SENATOR LINCOLN: Which is the scenario that we've got before us.
CHAIRMAN ROGERS: Which is an element of the scenario before you.
MS. BRADY: Are we not -- are we not accepting -- I mean are we
going just to use -- just is it the 4 percent we're voting on or
the whole concept?
CHAIRMAN ROGERS: The concept of -- maybe we ought to....
UNIDENTIFIED SPEAKER (male): Ya, let's back up.
CHAIRMAN ROGERS: The concept of permanent fund as an endowment
fund with an annual pay out rate.
MR. GORSUCH: That combined with other measures closes the gap.
Note: Indiscernible -- too many people talking at the same time.
CHAIRMAN ROGERS: But how many people would an endowment plan for
the permanent fund be acceptable in the final report? One, two,
three, four, five, six, seven, eight, nine, ten. And for how many
people is that not okay? Had enough voting for the night?
Note: Several individuals responded in the affirmative.
CHAIRMAN ROGERS: I need a count -- I didn't hear a majority on
that -- we just lost Lee.
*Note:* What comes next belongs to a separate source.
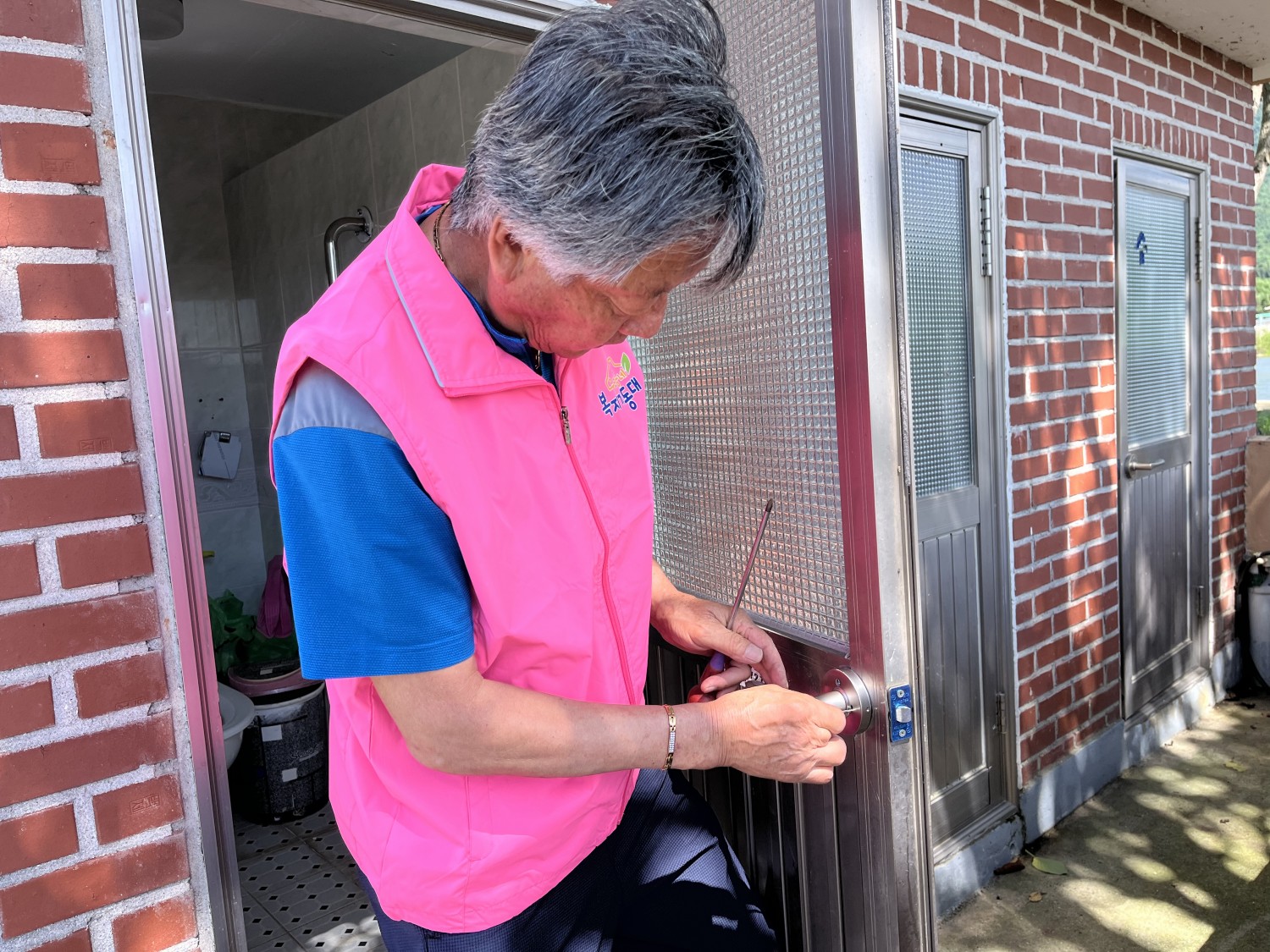 ?계곡면 복지기동대는 경로당 어르신들이 화장실 문 손잡이가 고장났다는 소식을 듣고 현장으로 출동했습니다.?♂️

For how many people a plan without an
endowment? For how many people does a plan that does not have an
endowment potentially acceptable?
MR. LUDWIG: Is an endowment a constitutional issue or just....
Note: Several individuals responded in the affirmative.
CHAIRMAN ROGERS: For how many people would it be acceptable to
have a plan without an endowment? One, two, three, four, five,
six. And how many people is it unacceptable to have a plan without
an endowment? One, two, three, four. I think that tells us more
than the first vote by itself.
MS. FOUSE: We'll be on the fifth floor tomorrow, so take your
stuff.
Note: Indiscernible chatter to the end of the tape.